2. Orchestrate activities across the business

When ties to the CEO are more distant or ambiguous, regulatory-affairs groups risk losing touch and becoming disconnected from important business issues. Once isolated, the function may even come to seem as if it speaks a language different from the one the business units use—a common complaint. Such disconnects are deadly, since the ability to convene and collaborate across functions on regulatory issues is vital for success. When regulatory-affairs units aren’t viewed as good partners, they can’t help the businesses to engage with regulators, coordinate the development of positions proactively, monitor social media, or profile stakeholders, among other activities.

Regulatory-affairs functions can also become alienated from organizations by getting involved with issues too late—for example, reviewing proposals from other departments after they are completed. This often breeds misunderstandings and casts the regulatory group in the role of naysayer, a perception that’s tough to overcome.
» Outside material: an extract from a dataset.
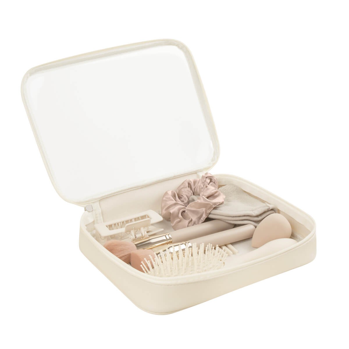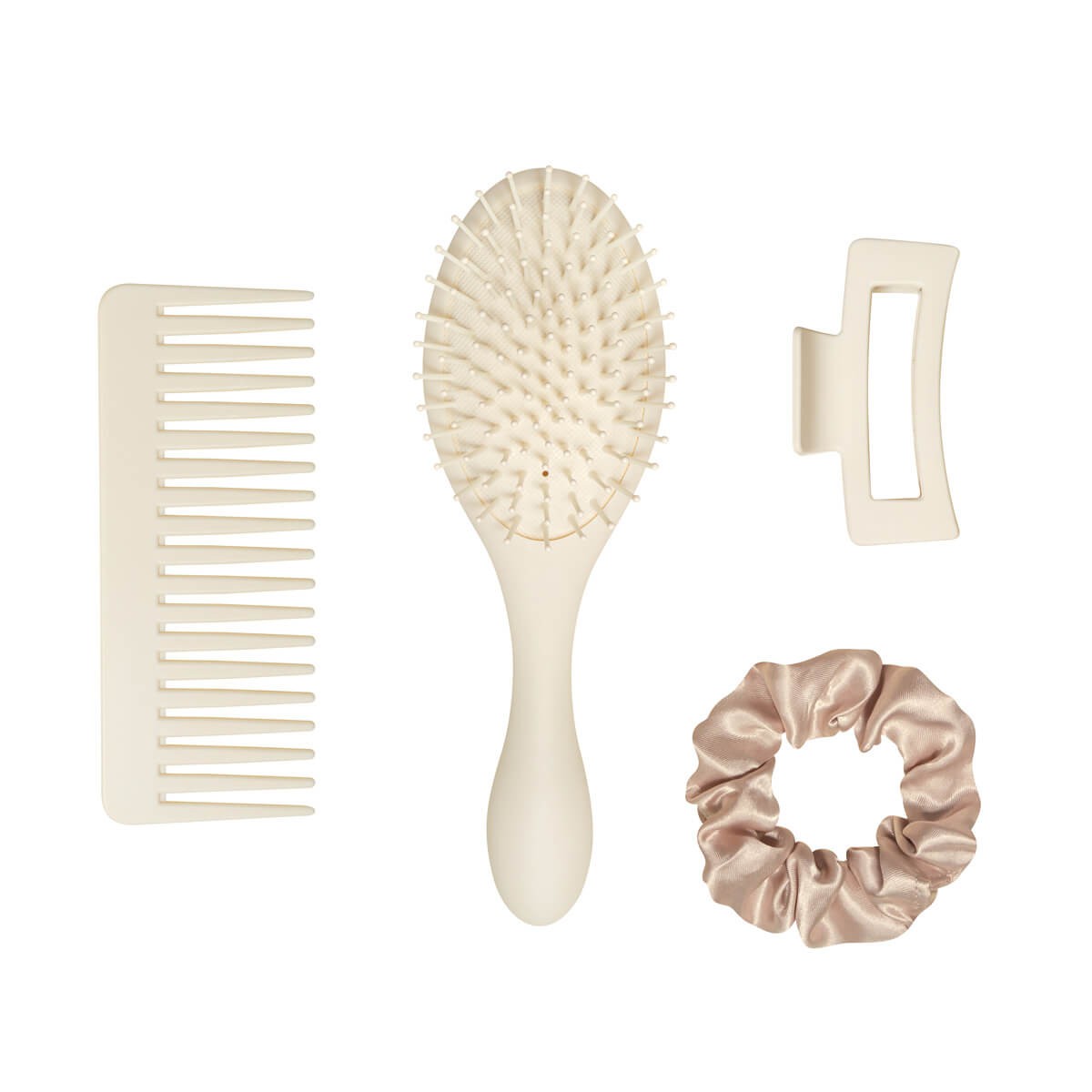 Complementa tu rutina para el cuidado del cabello con este set que incluye 1 cepillo, 1 peine, 1 pinza y 1 dona. Cada accesorio, hecho con materiales suaves al tacto, se mantiene perfectamente ordenado dentro de su estuche de curpiel.

Late involvement can have substantial economic costs as well, if, for example, a product is developed without input from regulatory affairs and later fails to get approval from regulators.

3. Build talent and accountability

Once a company clarifies what the external-affairs group will do, how it should be structured, and how it should collaborate with other functions, the next task is staffing it with good people. Among most companies, we have observed three types of leaders: industry veterans, with deep legal or economic training (the role’s classic profile); high-profile lobbyists or former politicians, who bring credibility and clout (useful when companies face pressure on a particular issue); or internally promoted business insiders (useful in strengthening cross-functional connections and gaining buy in).
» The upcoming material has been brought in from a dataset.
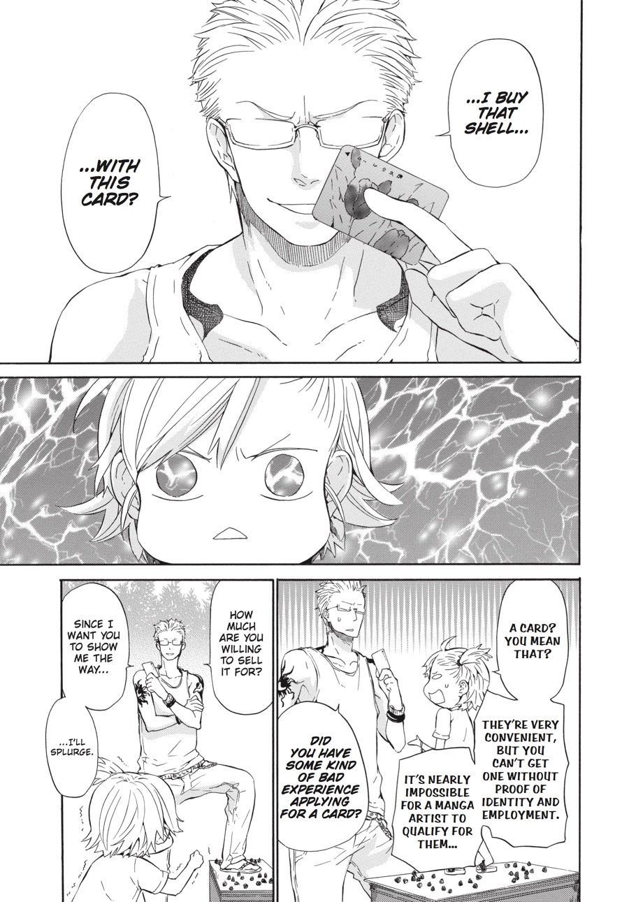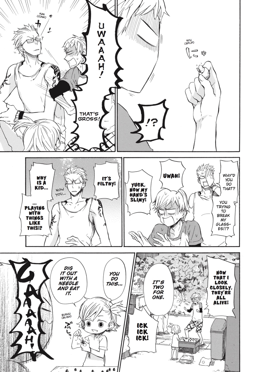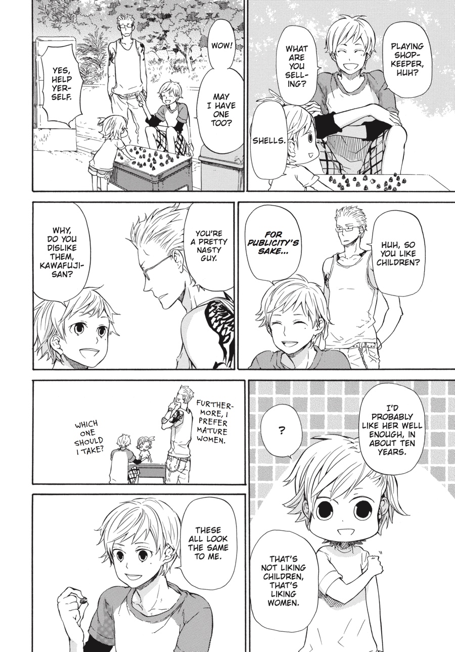 What?! The car's GPS only shows the road...!! Kawafuji, the only friend of handsome young calligrapher Seishuu Handa, has come to visit the island...!! However, the lack of cell phone signal and any useful landmarks is preventing the two of them from meeting up!! And who is this Kyousuke Kamisaki who's come along for the ride...? There's a storm brewing in the third volume of this sophisticated (?), heartwarming island comedy!!

Any of these three can work well, so long as the leader coordinates effectively across business units while getting—and keeping—the respect and attention of senior management. Increasingly, leading companies tap all three types—for instance, by choosing people who are strong in one area and complementing their skills with those of others outside the function, including providers such as specialist lobbying firms.

Moreover, some companies are starting to use rotation programs that move staffers between the regulatory function and the business units to give these employees experience and improve the odds that their insights will be relevant to the businesses. Companies that combine the regulatory and strategy functions, as some utilities do, tend to be best at this approach. The instinct to cross-pollinate talent is a good one: among low-performing companies, very few external-affairs personnel have line experience. At one company we studied, only the department head had it; more junior colleagues played supporting roles. Such arrangements not only deny these employees valuable opportunities but also put companies at considerable risk if experienced staffers decide to leave.

Even among companies that otherwise excel on the talent dimension, nearly all struggle to measure the impact of regulatory affairs in a structured way and thus provide meaningful incentives for staffers. While few best practices have been identified so far, some companies are taking the same analyses they use to understand the regulatory value at stake for a given issue and adapting them to their performance-management systems. These quantitative measurements are then complemented by more indirect indicators, such as the quality of relationships with important stakeholders or changes in the level of access to them over a period of time. Such approaches, while still in their early days, could prove a useful means of linking performance to real business outcomes.

Good regulatory management starts with good organizational design. Companies can increase the odds of getting more business value from this important function by picking the right design and making the most of it, breaking silos and building bridges with other functions, and developing talented people and quantifying their impact."